Langsam drehe ich mich um und gucke in seine roten Augen.

,,Ryu...bitte komm runter. Bitte."

,,Ich will aber nicht, Ken."

,,Ryu, du willst das nicht. Das weiß ich. Komm nimm meine Hand."

,,Bitte Ken, komm nicht näher."

Je näher er kam, desto mehr distanzierte ich mich von ihm bis meine Fersen rausguckten.

,,Ryu, glaub mir, wenn du springst, springe ich dir hinterher."

,,Das sagst du doch nur, damit ich runter komme."

,,Nein. Ich schwöre dir bei allem was ich liebe. Ich springe dir nach."

,,Warum solltest du? Dein Leben ist nicht so wie meins. Die geht's gut."

,,Weil du mein Bruder bist. Wir sind Zwillinge, Ryu. Ein Zwilling ist kein Zwilling ohne sein Zwilling. Ryu, wir gehören aneinander. Wie sollte ich ohne dich weiter leben. Wir sind wie Zahnräder. Das eine Rad dreht sich nicht ohne das andere. Wenn es dich nicht mehr gibt, dann bin ich ohne dich auf dieser Welt überflüssig."

Seine schluchtzenden schmerzvollen Worte ließen mich nachdenken. Ich wusste, dass er wirklich mir nach springen würde. Also würde ich mit dieser Aktion auch ihn umbringen.

,,Komm Ryu. Es wird alles gut. Du wirst nie wieder leiden.

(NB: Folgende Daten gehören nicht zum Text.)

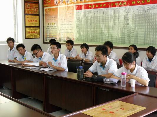 我实践队经过十一个小时的火车和一个多小时的汽车颠簸,终于抵达了辛家沟乡政府,并受到了辛家沟政府领导的热情招待。实践队到达后,由辛家沟镇党委薛书记,吴堡县交通局李教导主持了一个简短的见面介绍会议,会议介绍了辛家沟镇的基本情况和特点。领队郑益斌同学介绍了实践活动的日程安排。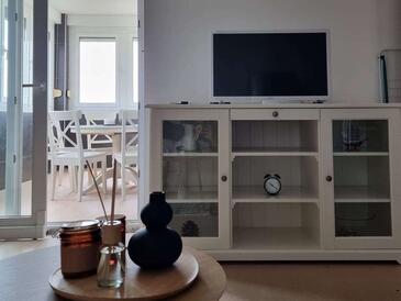 Ferienwohnung bietet Platz für 4 Gäste. Die Betten sind in Schlafzimmern, die es 2 gibt, innerhalb einer Gesamtfläche von 57m2, angeordnet. Die Gäste haben einen eigenen Balkon zur Verfügung, auf der sie in warmen Sommernächten genießen können. Das Apartment bietet Meerblick.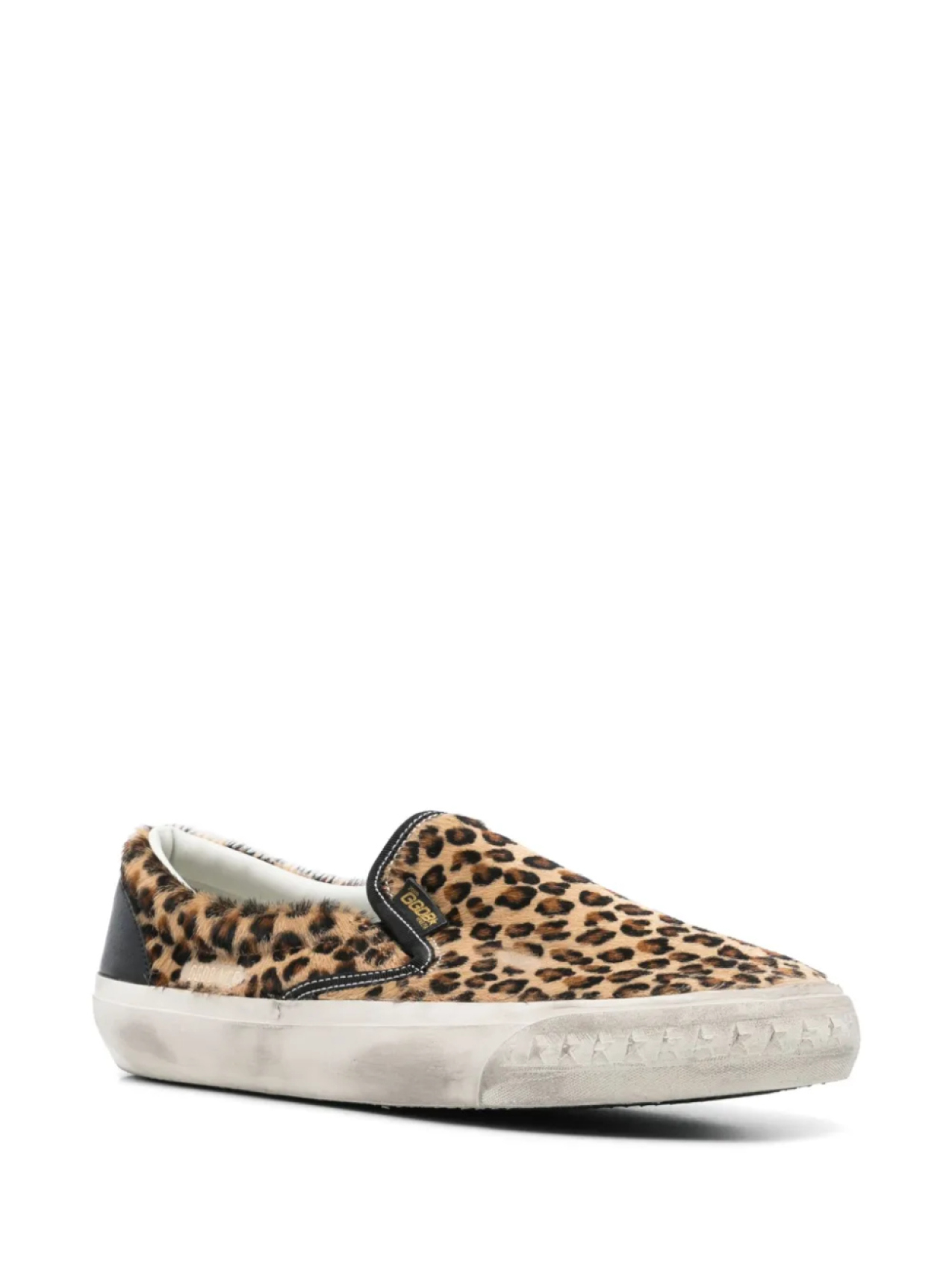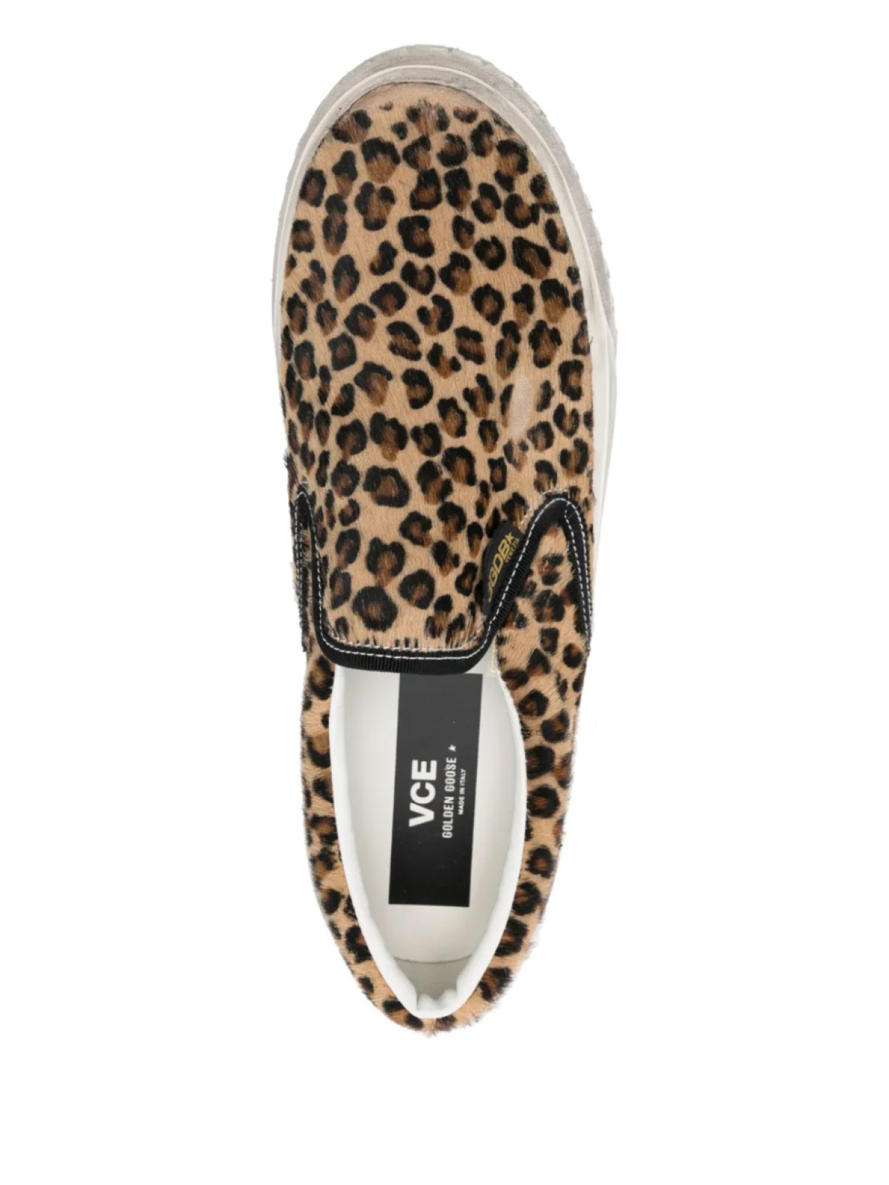 Светло-бежевая плоская резиновая подошва, контрастный фирменный задник, бирка с логотипом и леопардовым принтом
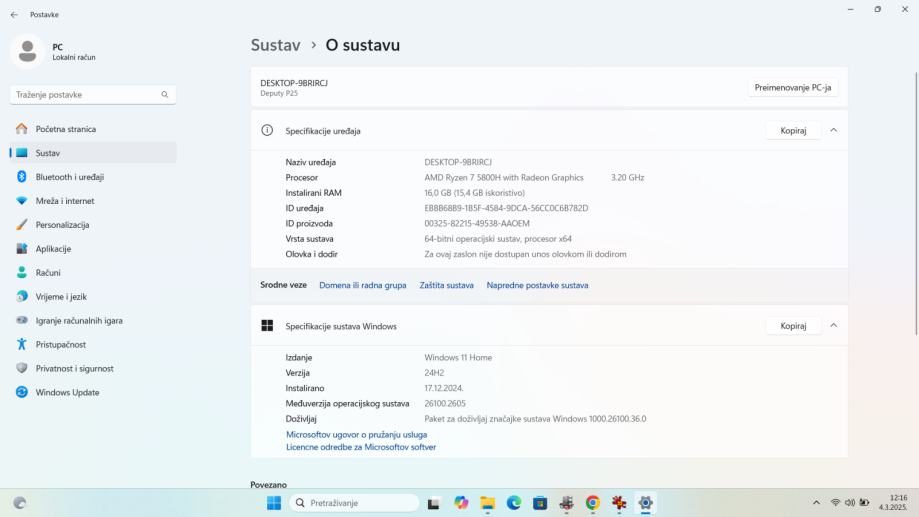 Instaliran originalni program Windows 11 Home i svi prateći programi.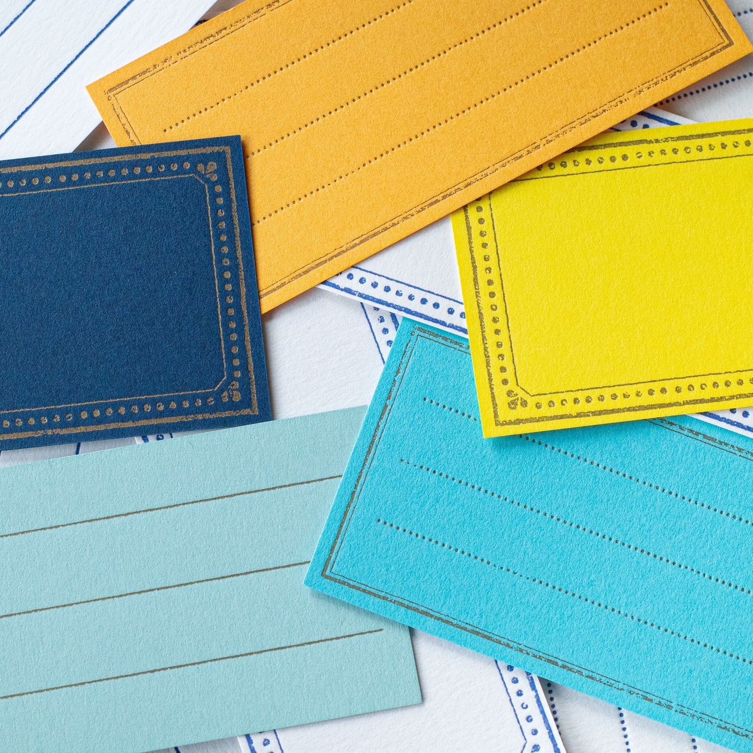 CARD: 1-color letterpress (navy / gold)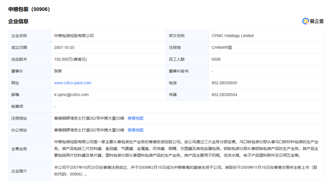 中粮包装作为一家投资控股公司,其附属子公司在中国生产食品、饮料及日化产品等消费品包装,拥有完整的产业布局,在多个细分市场居于领先地位,同时与奥瑞金科技股份有限公司有着紧密的合作关系。科印网就公开资料梳理如下:

Ich weiß, das Verhalten von Vater, hat für all das gesorgt. Aber Ryu, wer ist schon ein Vater, der sich nicht wie ein Vater verhält. Egal, was er über dich oder dir sagt, er hat Unrecht. Lebe weiter, bis das eine Wunder geschieht, was dich für immer glücklich macht."

Es munterte mich zwar nicht auf, aber ich wollte dieses Leid Ken nicht antun.

,,Nur für dich, Ken, werde ich es nicht tun."

Mit einem erleichterten Lächeln wollte er langsam auf mich zukommen. Doch ich stand schon so sehr am Rand, dass ich mein Gleichgewicht verlor und fiel.